● Task objective
Transcribe only the lines in the data below falling between the line with "Универсальное приложение, совмещающее" and the line with "1年生のあまり材を利用し、ス", including those two lines, and leave out any picture.

● Data section
######

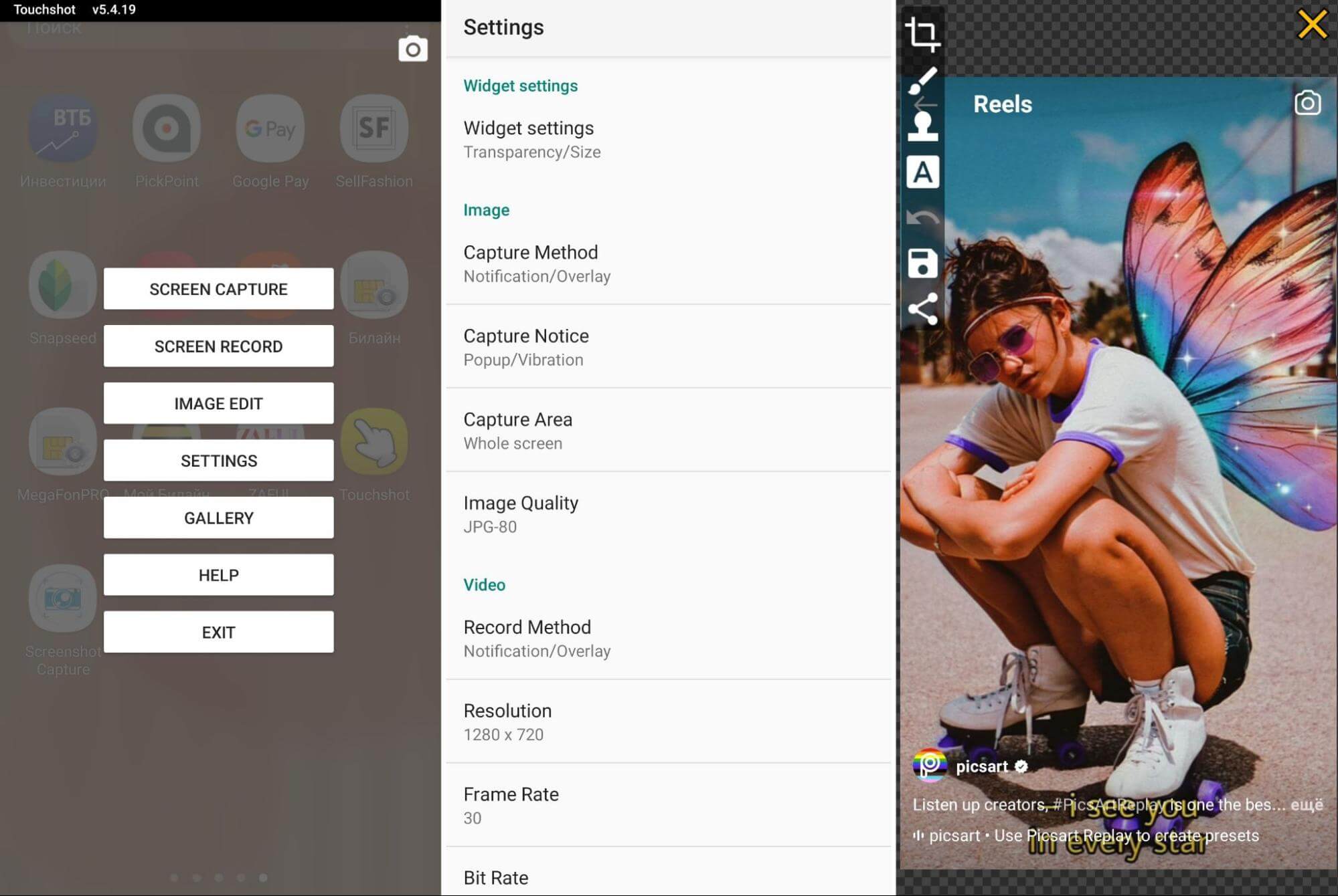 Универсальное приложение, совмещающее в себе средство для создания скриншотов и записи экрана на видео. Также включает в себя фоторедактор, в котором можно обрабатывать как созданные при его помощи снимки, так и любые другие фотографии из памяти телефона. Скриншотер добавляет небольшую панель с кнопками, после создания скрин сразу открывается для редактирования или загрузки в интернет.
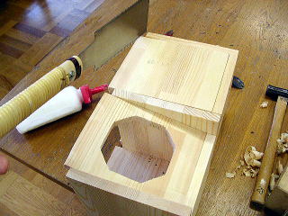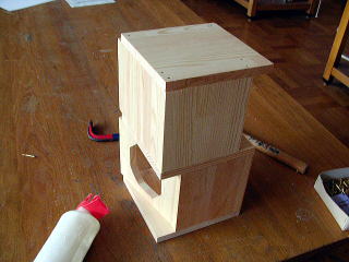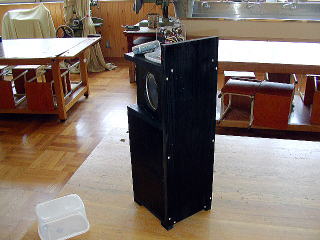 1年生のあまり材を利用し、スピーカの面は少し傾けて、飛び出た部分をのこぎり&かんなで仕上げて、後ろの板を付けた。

######

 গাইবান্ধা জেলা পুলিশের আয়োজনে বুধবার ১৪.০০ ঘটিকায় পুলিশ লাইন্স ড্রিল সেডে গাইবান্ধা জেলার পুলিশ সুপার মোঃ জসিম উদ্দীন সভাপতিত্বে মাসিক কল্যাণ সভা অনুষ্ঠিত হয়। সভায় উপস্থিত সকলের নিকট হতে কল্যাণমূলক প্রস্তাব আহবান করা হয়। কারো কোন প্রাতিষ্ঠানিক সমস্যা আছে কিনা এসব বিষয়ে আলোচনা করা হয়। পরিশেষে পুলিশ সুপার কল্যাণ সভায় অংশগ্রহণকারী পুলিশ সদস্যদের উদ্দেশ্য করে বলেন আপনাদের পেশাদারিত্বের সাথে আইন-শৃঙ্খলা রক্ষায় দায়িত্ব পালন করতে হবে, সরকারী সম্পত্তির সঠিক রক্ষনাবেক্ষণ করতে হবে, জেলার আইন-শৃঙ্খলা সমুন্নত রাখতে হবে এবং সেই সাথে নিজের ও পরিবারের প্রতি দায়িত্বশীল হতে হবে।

######

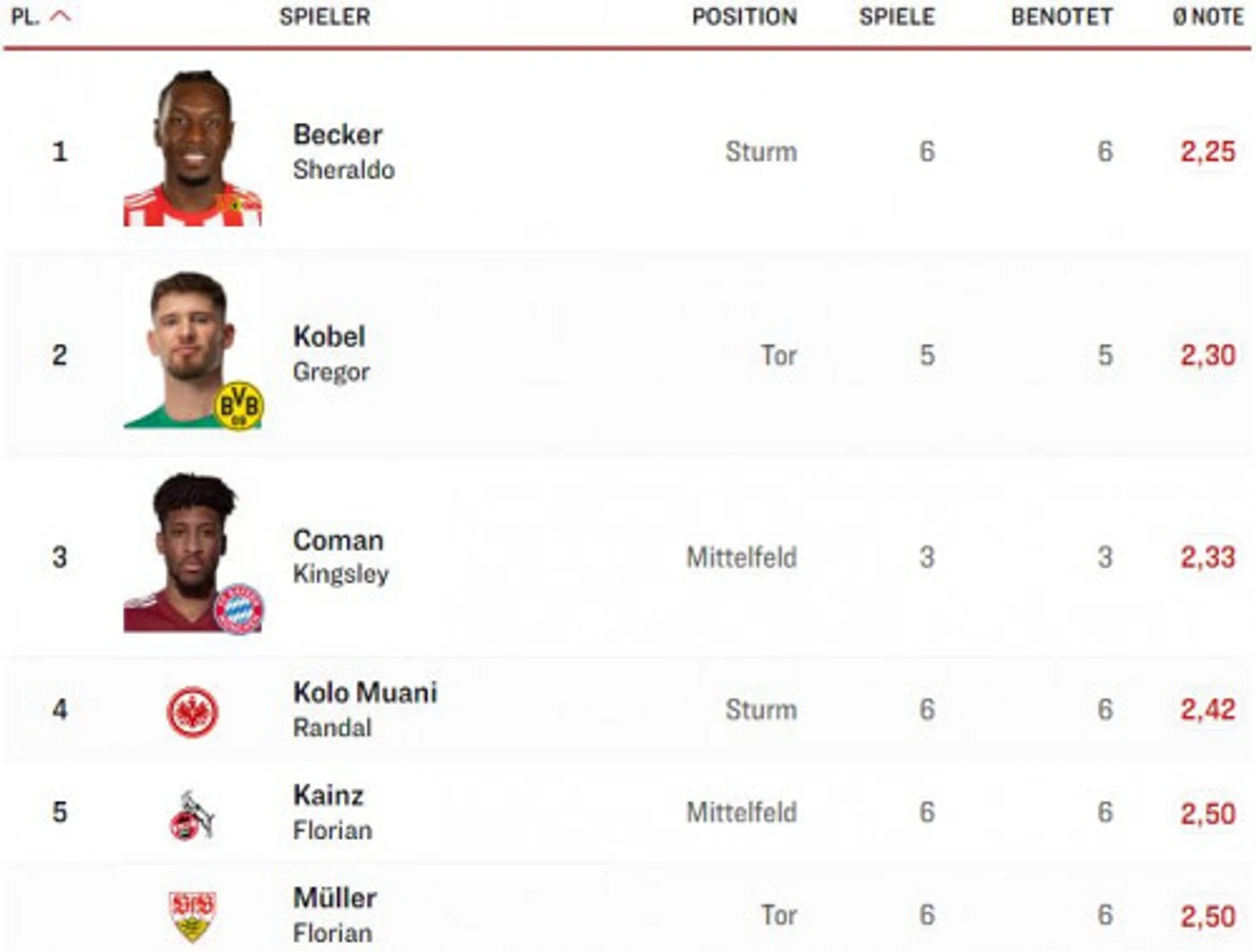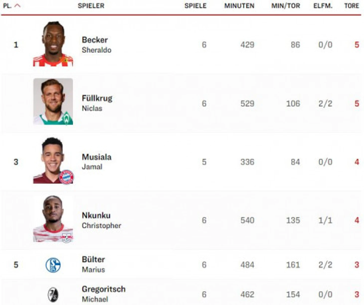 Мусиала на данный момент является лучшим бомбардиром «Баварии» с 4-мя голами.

######

● Exercise response
 Универсальное приложение, совмещающее в себе средство для создания скриншотов и записи экрана на видео. Также включает в себя фоторедактор, в котором можно обрабатывать как созданные при его помощи снимки, так и любые другие фотографии из памяти телефона. Скриншотер добавляет небольшую панель с кнопками, после создания скрин сразу открывается для редактирования или загрузки в интернет.
 1年生のあまり材を利用し、スピーカの面は少し傾けて、飛び出た部分をのこぎり&かんなで仕上げて、後ろの板を付けた。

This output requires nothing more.